Raw data:
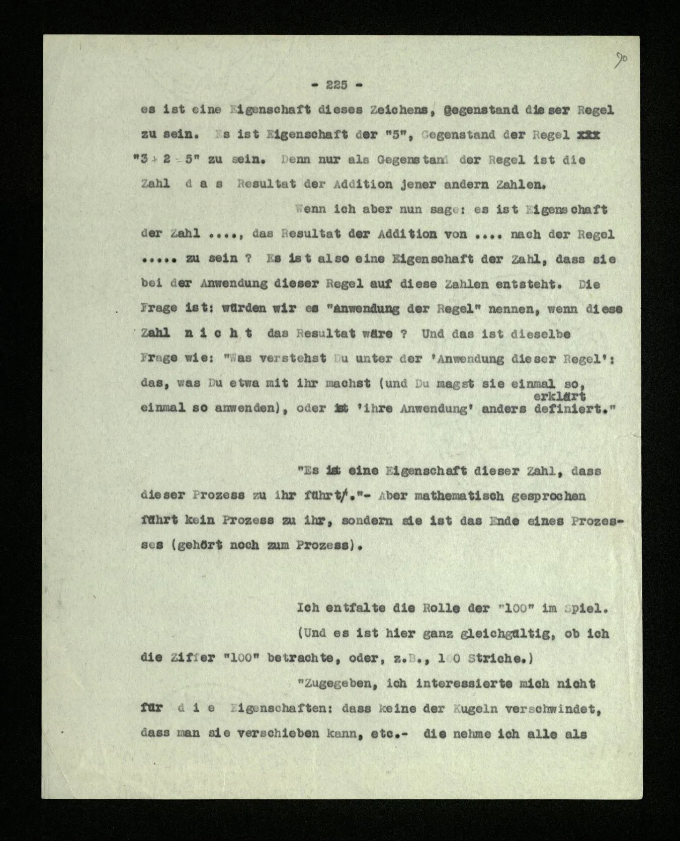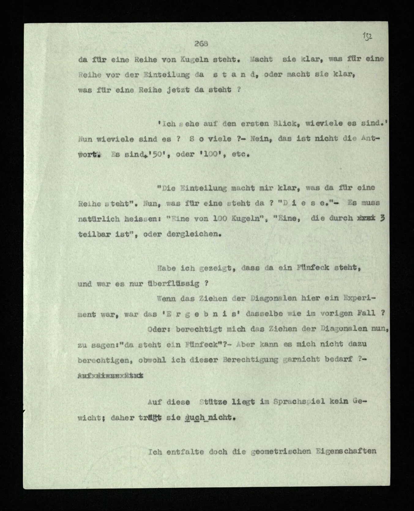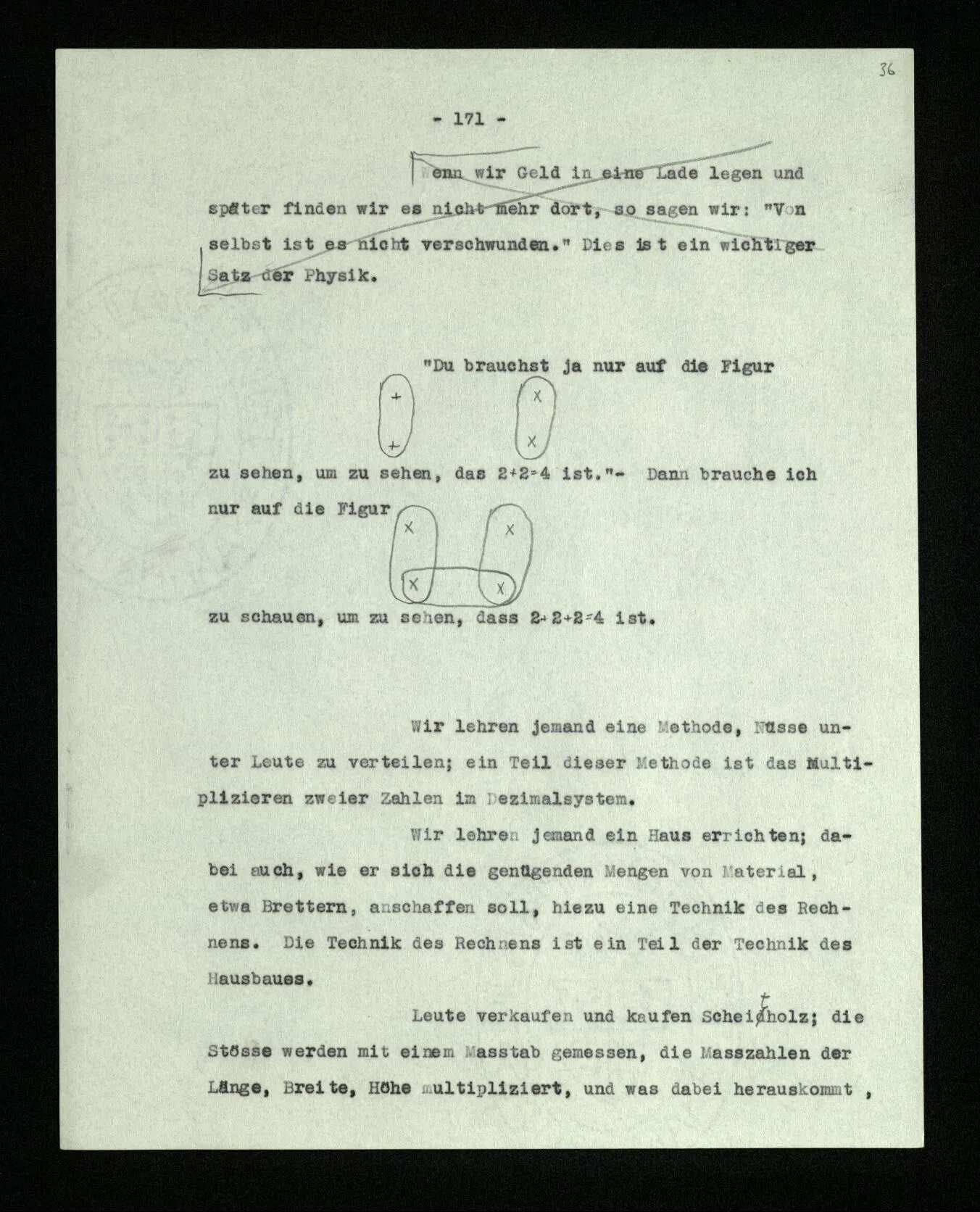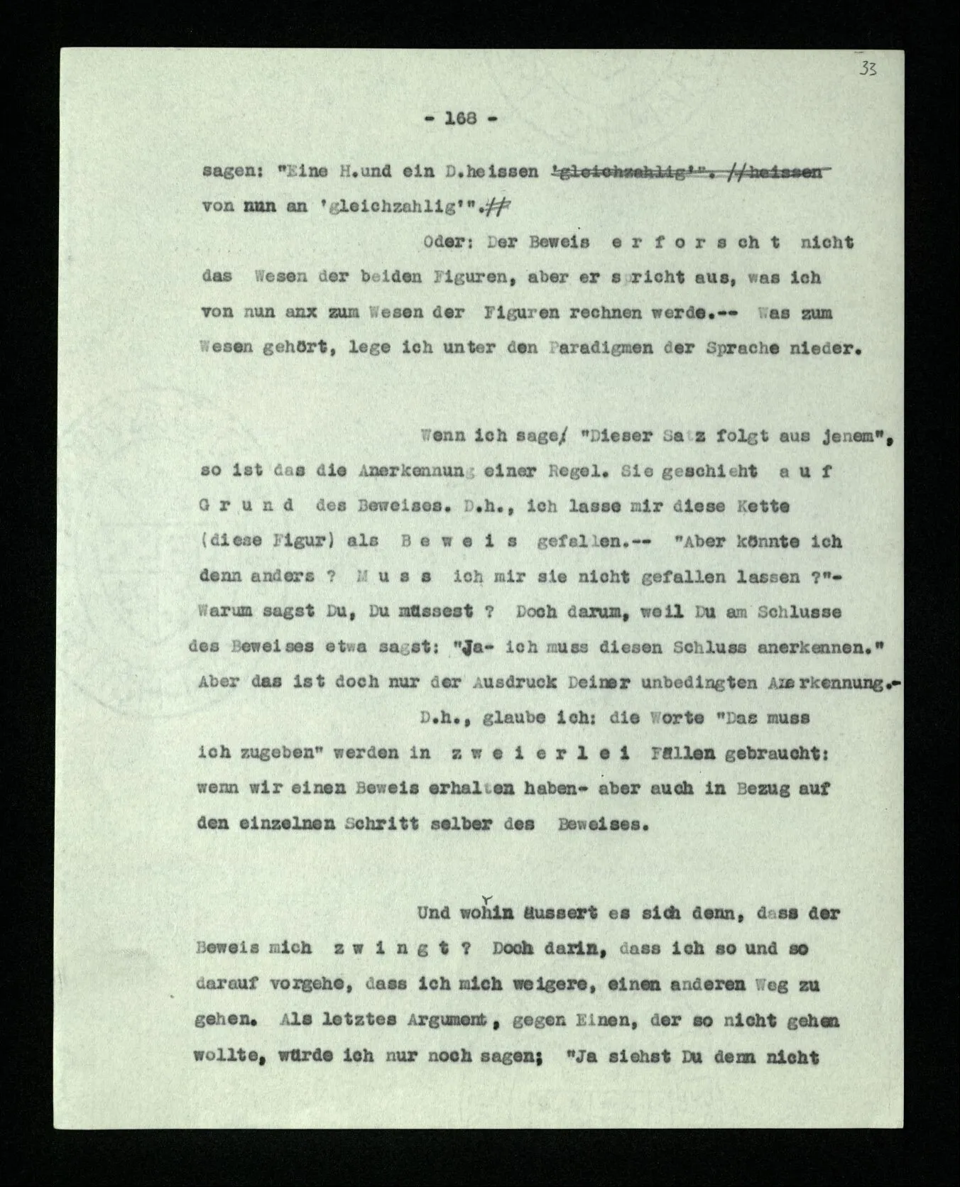 Wenn ich nun sage: 10 Striche bestehen notwendig aus 3 mal 3 Strichen und einem Strich – das heißt doch nicht: wenn 10 Striche dastehen, so stehen immer die Ziffern und Bogen rund herum. – Setze ich sie aber zu den Strichen hinzu, so sage ich, ich demonstrierte nur das Wesen jener Gruppe von Strichen. – Aber bist Du sicher, daß sich die Gruppe beim Dazuschreiben jener Zeichen nicht verändert hat? – “Ich weiß nicht; aber eine bestimmte Zahl von Strichen stand da; und wenn nicht 10, so eine andre und dann hatte die eben andre Eigenschaften. –”
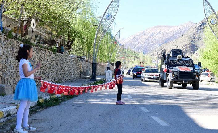 İlçe Emniyet Müdürlüğü, İlçe Jandarma Komutanlığı, Çatak Belediyesi, Milli Eğitim Müdürlüğünün araçlarından oluşan konvoy, 23 Nisan Ulusal Egemenlik ve Çocuk Bayramı kutlamaları için siren çalarak ilçede tur attı.
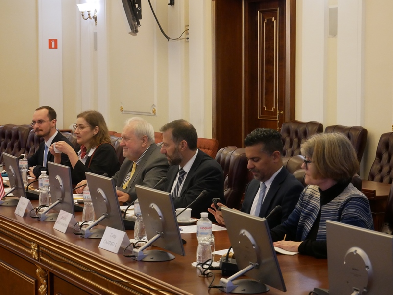 Гостями НБУВ були спеціальний радник президента Польської академії наук (ПАН) з питань співпраці з Україною, президент ПАН у 2015 - 2022 роках Єжи Душинський (Jerzy Duszynski), виконавчий директор Відділу політики та глобальних справ Національної академії наук США Вон Турекян (Vaughan Turekian) та керівник підрозділу з питань глобального сталого розвитку Відділу політики та глобальних справ НАН США Франклін Карреро-Мартінес (Franklin Carrero-Martinez). З ними зустрілись віцепрезидент Національної академії наук України академік НАНУ Сергій Пирожков, генеральний директор Національної бібліотеки України імені В.І. Вернадського, член-кореспондент НАНУ Любов Дубровіна та заступник генерального директора НБУВ з наукової роботи Юрій Ковтанюк.
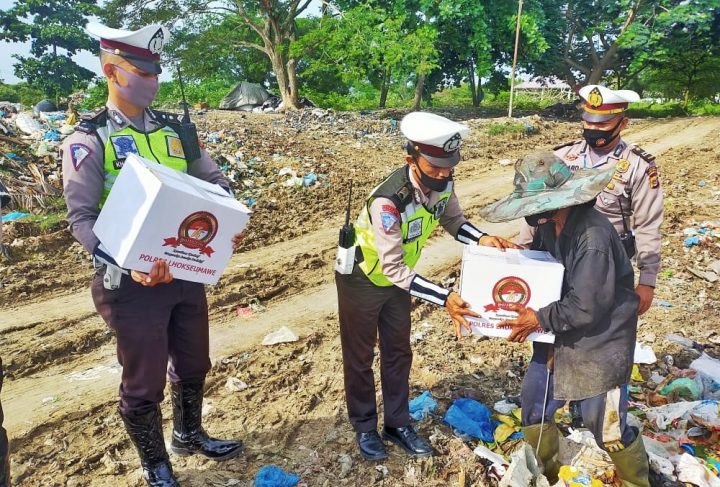 Kali ini, Satlantas membagikan paket sembako kepada masyarakat yang sehari-hari menjadi pemulung sisa limbah rumah tangga di Tempat Pembuangan Akhir (TPA) Alue Lim, Kecamatan Blang Mangat, Kota Lhokseumawe.
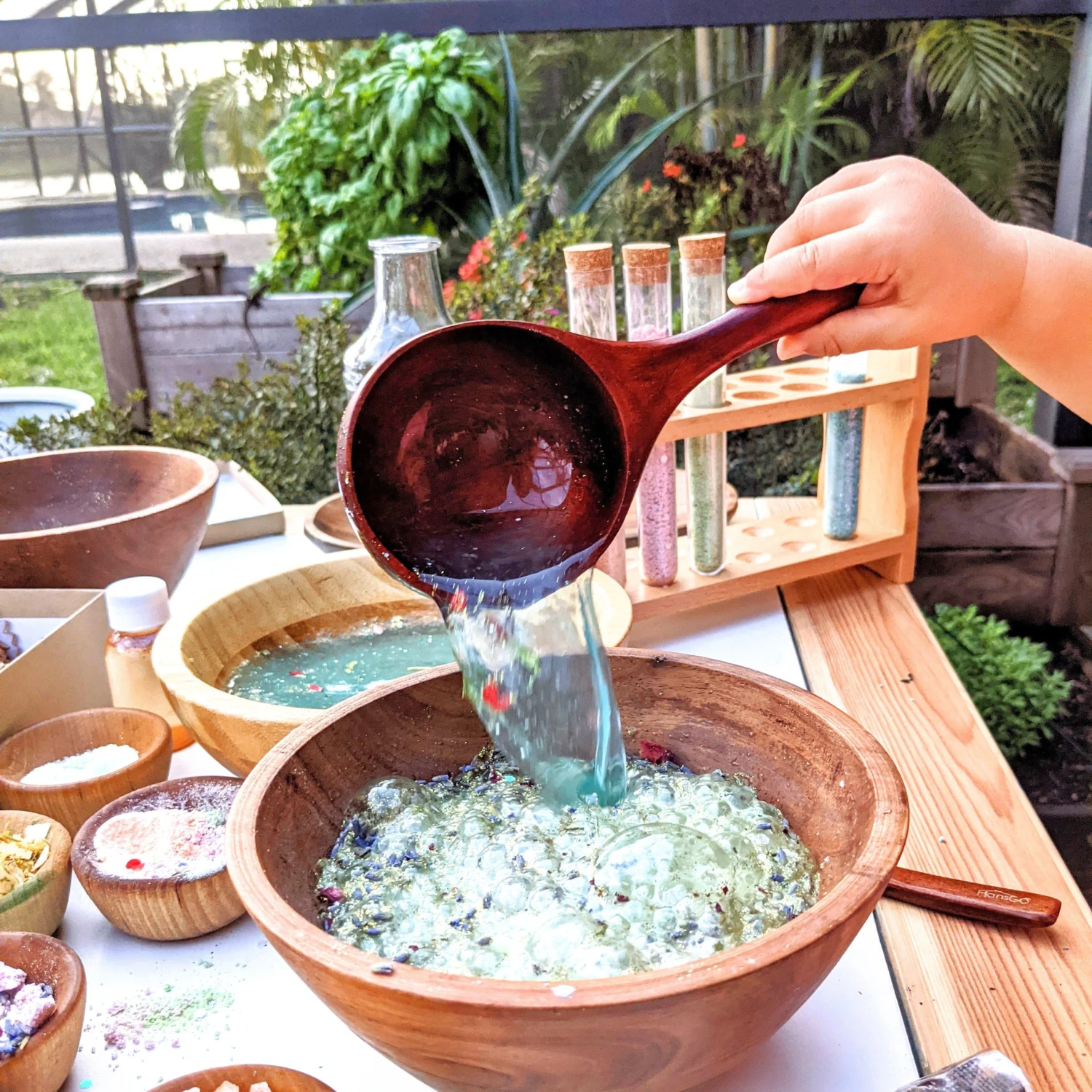 Mezclando y vertiendo, los niños se diviertes al ver la poción burbujear, cambiar de color y brillar.La alegría y celebración de explorar llenara sus corazones de magia y gratitud.
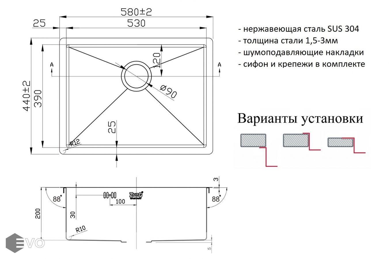 - Тип монтажа: Врезная сверху / Под столешницу / В уровень со столешницей
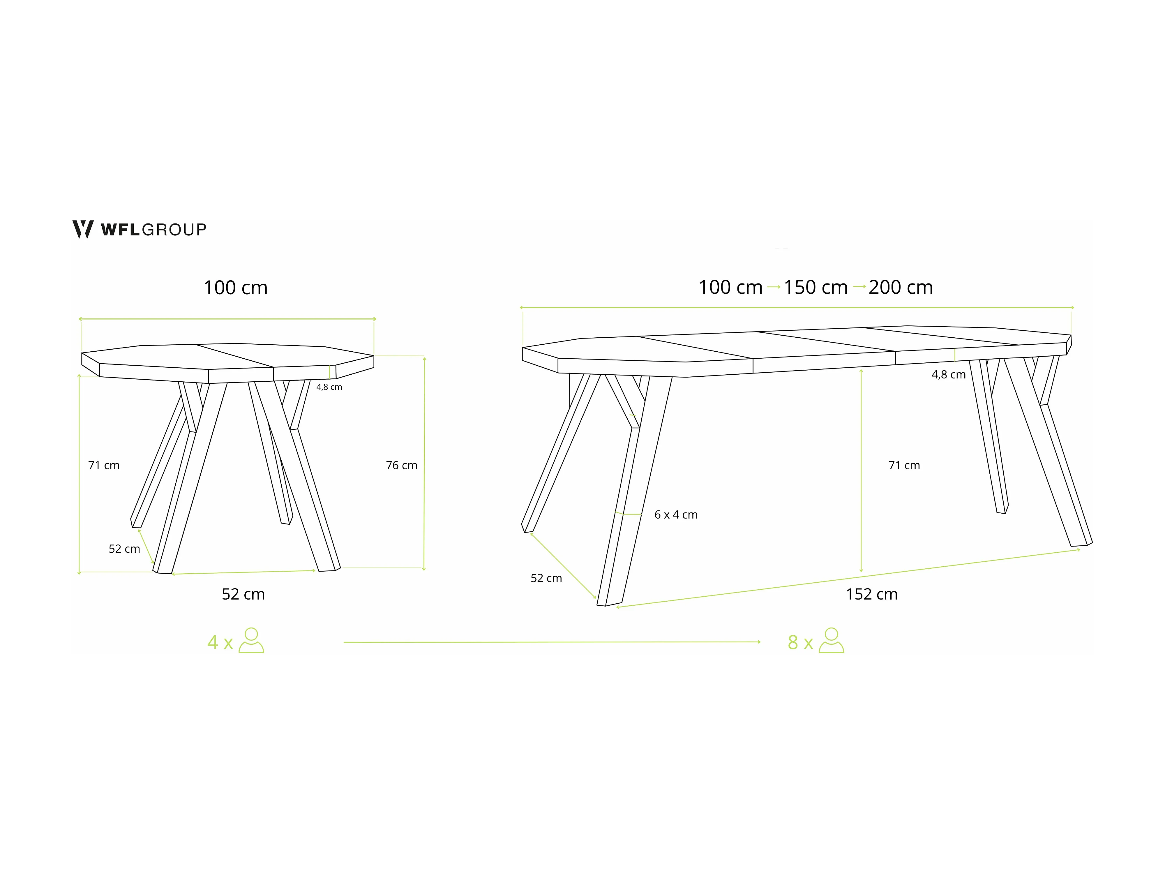 Table à Manger Extensible Moderne avec Pieds Noirs - Plateau en Panneau Stratifié, Style Loft - Chêne Wotan - 100/150

What is required: Every line from the one with "Гостями НБУВ були" through the end of the records above belongs in the answer, copied exactly; no picture does.

Answer box:
 Гостями НБУВ були спеціальний радник президента Польської академії наук (ПАН) з питань співпраці з Україною, президент ПАН у 2015 - 2022 роках Єжи Душинський (Jerzy Duszynski), виконавчий директор Відділу політики та глобальних справ Національної академії наук США Вон Турекян (Vaughan Turekian) та керівник підрозділу з питань глобального сталого розвитку Відділу політики та глобальних справ НАН США Франклін Карреро-Мартінес (Franklin Carrero-Martinez). З ними зустрілись віцепрезидент Національної академії наук України академік НАНУ Сергій Пирожков, генеральний директор Національної бібліотеки України імені В.І. Вернадського, член-кореспондент НАНУ Любов Дубровіна та заступник генерального директора НБУВ з наукової роботи Юрій Ковтанюк.
 Kali ini, Satlantas membagikan paket sembako kepada masyarakat yang sehari-hari menjadi pemulung sisa limbah rumah tangga di Tempat Pembuangan Akhir (TPA) Alue Lim, Kecamatan Blang Mangat, Kota Lhokseumawe.
 Mezclando y vertiendo, los niños se diviertes al ver la poción burbujear, cambiar de color y brillar.La alegría y celebración de explorar llenara sus corazones de magia y gratitud.
 - Тип монтажа: Врезная сверху / Под столешницу / В уровень со столешницей
 Table à Manger Extensible Moderne avec Pieds Noirs - Plateau en Panneau Stratifié, Style Loft - Chêne Wotan - 100/150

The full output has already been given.